→ Given information
+ + + +

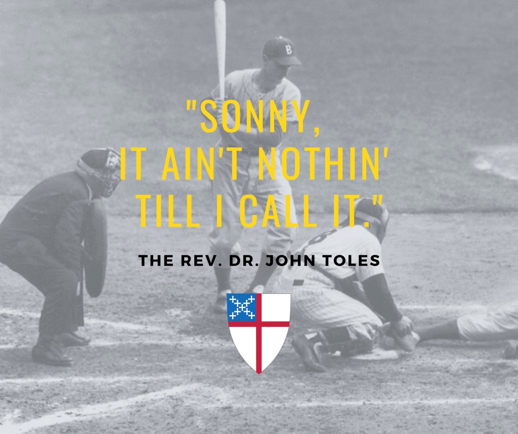 Remember how the Temple priests made the daily sacrifices and that they did it for the forgiveness of sins? But why did they have to make these same sacrifices day after day? St. Paul answers, “It is impossible for the blood of bulls and goats to take away sins.” (Hebrews 10:4) We couldn’t be fully redeemed by the blood of bulls and goats. We had to be redeemed by one who was without sin, but who would fully identify with us as flesh and blood human beings, and that was Christ Jesus: “When Christ had offered for all time a single sacrifice for sins, he sat down at the right hand of God… For by a single offering he has perfected for all time those who are being sanctified. (Hebrews 10:12, 14) To redeem us, he had to live as one of us: humbling himself, being born, falling down and skinning his knee, learning a trade, being baptized, fulfilling God’s purposes, betrayed, suffering, separation, dying. All of that, so that you could be with him where he is. All of that, so that we too could hear the words of our Father, not only spoken to and of Jesus, but also spoke to and of us: “This is my Son, the Beloved, with whom I am well pleased.” What did Klem the umpire say? “Sonny, it ain’t nothin’ till I call it.” And through Christ’s actions, including his baptism, God has called it. He has called us: His sons and daughters, with whom he is well pleased. “See what kind of love the Father has given to us, that we should be called children of God; and so we are… Beloved, we are God’s children now.” (1 John 3:1a, 2)
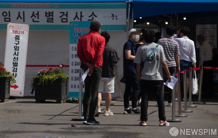 [서울=뉴스핌] 윤창빈 기자 = 12일 오전 서울 중구 서울역광장에 마련된 코로나-19 임시선별검사소에서 시민들이 검사를 받기 위해 대기하고 있다. 오늘(12일) 0시 기준 신규 코로나19 확진자는 565명으로 이틀째 500명대를 유지하고 있다. 2021.06.12 pangbin@newspim.com
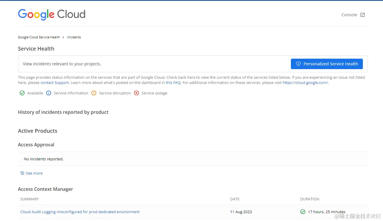 google的历史事件看版也是按产品分类的,但是不像Azure那样方便 支持搜索,需要先定位产品之后可以看到关于此产品的历史上相关事件,具体事件描述可以说非常详细了,也是按照时间线叙述的,和阿里云的风格类似, 但是细节上描述的十分详尽。
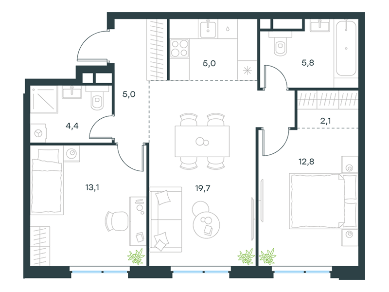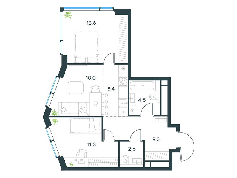 | 13 | Сентябрь 2027 | 1 | 5 | 4 | 4 | 3 | 81.1 | 43 091 437 | без отделки | ![]() | 4 |

+ + + +

→ Exercise objective
Reproduce precisely the lines of the listing above, from the line containing "[서울=뉴스핌] 윤창빈 기자" to the last line, both ends included. Pictures are to be omitted.

→ Solution below
 [서울=뉴스핌] 윤창빈 기자 = 12일 오전 서울 중구 서울역광장에 마련된 코로나-19 임시선별검사소에서 시민들이 검사를 받기 위해 대기하고 있다. 오늘(12일) 0시 기준 신규 코로나19 확진자는 565명으로 이틀째 500명대를 유지하고 있다. 2021.06.12 pangbin@newspim.com
 google的历史事件看版也是按产品分类的,但是不像Azure那样方便 支持搜索,需要先定位产品之后可以看到关于此产品的历史上相关事件,具体事件描述可以说非常详细了,也是按照时间线叙述的,和阿里云的风格类似, 但是细节上描述的十分详尽。
 | 13 | Сентябрь 2027 | 1 | 5 | 4 | 4 | 3 | 81.1 | 43 091 437 | без отделки | ![]() | 4 |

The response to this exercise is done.